People that shop yard sales can be summed up in 3 categories. Hoarders, Weirdos and Nosy.  I had one lady ask about our dog crate and judging by her shirt, she already had too many dogs as it was.   People ask questions about the stuff like I have written the owners manual on it.  "About, how much is the maximum weight this can hold?" I don't f'ing know? Get in and we can find out.  The other thing I am not going to do is convince you to buy my stuff.  You either need it or you don't. More than likely you don't, but you will buy it anyway. Don on the other hand turns into a used car salesman. Demonstrating a folding chair. His motivation is to sell whatever he can so he doesn't have to carry it back into the house.  He was successful too. Later we discovered that his fly was unzipped so we weren't sure if that was the reason his sales numbers were so high, whatever, it worked.
The nosy yard sale goer just wants a sneak peek into your life and ask you questions. " So, you have kids?" No. We just like to pretend like we do. Not to mention the fact that 4 of them are now playing with the toys I selected and each have  friend over which makes me look like the little old lady who lived in a shoe.
I hate yard sales.
I thought my prayers had been answered when a van and a trailer pulled up filled with Amish folks.  They got out like the crew that services the Indy 500 race cars.  Within 2 minutes they had already searched the premises, test driven the stroller and high chairs, deemed all of our stuff unworthy and hopped back in the van and left.  They were gone before they even arrived and never said a word to me, despite my attempt to be friendly.
Just as they left, a huge truck arrived and I remembered that a sofa bed I had purchased a week ago was being delivered today.  That was something I hadn't even discussed with Don, but thought it would be a nice surprise. It wasn't.
Maybe I should have measured the stairway that would be a necessary path for the sofa bed to get to the desired location upstairs (which I did measure).
After a long 45 minutes and a delivery men who seemed to join TEAM DON in their distain for my lack of preparation, they were able to birth the sofa upstairs and only had to remove the legs to do so. The delivery guy actually appeared to be pouting and I wanted to remind him I know a thing or two about squeezing huge things through tight spaces and smack that pout right off of his face, but I got distracted by an old man looking at our blender. Why he was touching the START button I'm not sure, followed by the question, "Does this still work?"

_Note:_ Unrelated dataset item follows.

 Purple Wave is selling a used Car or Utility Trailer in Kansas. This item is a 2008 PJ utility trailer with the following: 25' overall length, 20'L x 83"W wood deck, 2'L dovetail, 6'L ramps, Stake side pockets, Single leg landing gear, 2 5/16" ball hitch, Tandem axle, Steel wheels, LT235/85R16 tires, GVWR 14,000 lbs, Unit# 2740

I said, " yes, very well when it is plugged in, are you looking for a blender?"
Prime example of yard sale category "weirdo"
By this time Don was back but now giving me the silent treatment for failing to mention

a) that I bought a sofa bed and
b) I didn't tell him and
c) I didn't exactly measure properly

Thankfully it began to rain and we could put the remainder of our stuff we don't want back into our house, back into our house.

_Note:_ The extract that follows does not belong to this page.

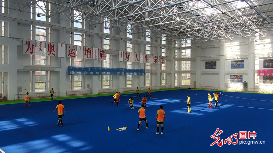 自基地建成以来,先后接待江苏女曲、上海女曲、广东男曲、北京男曲、甘肃男曲以及国家男曲等多支国内队伍夏训,也吸引了韩国城南俱乐部队、印度尼西亚国家男女队来此训练。图为2020年8月4日,无人机航拍莫旗曲棍球队在莫旗曲棍球训练基地训练。(李刚摄/光明图片)
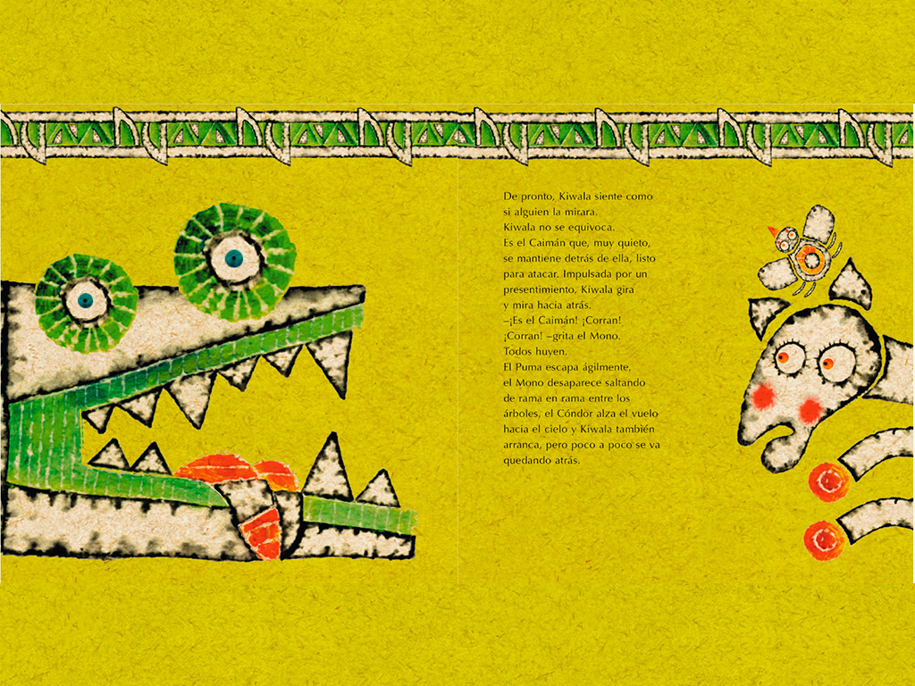 Kiwala va a la selva amazónica a buscar un antídoto para curar a la gente de su pueblo. Viaja con sus amigos Cóndor y Puma, quienes la protegen de los peligros. Allí conoce alMono, Chamán y Caimán.

When it was all said and done we made enough money to cover our dinner of beer last night.
If a yard sale did anything it surrounded me in a purgatory of baby rearing memories along with the pain and with the addition of weird people who liked to run commentary on our belongings as if we can't hear them. "This looks really used". Well, duh. Its a plastic backpack from Dora that has traveled to Florida and back, Mexico and not to mention its assembly in China, or the dozen times it has been dropped down the stairs and possibly defected in for all I know. So yes, it looks used, that is why it is $1 and not retail value of $9.99.

The one thing we agreed on when it was all said and done was that we will never be doing a yard sale again. One afternoon was long enough in the yard sale purgatory.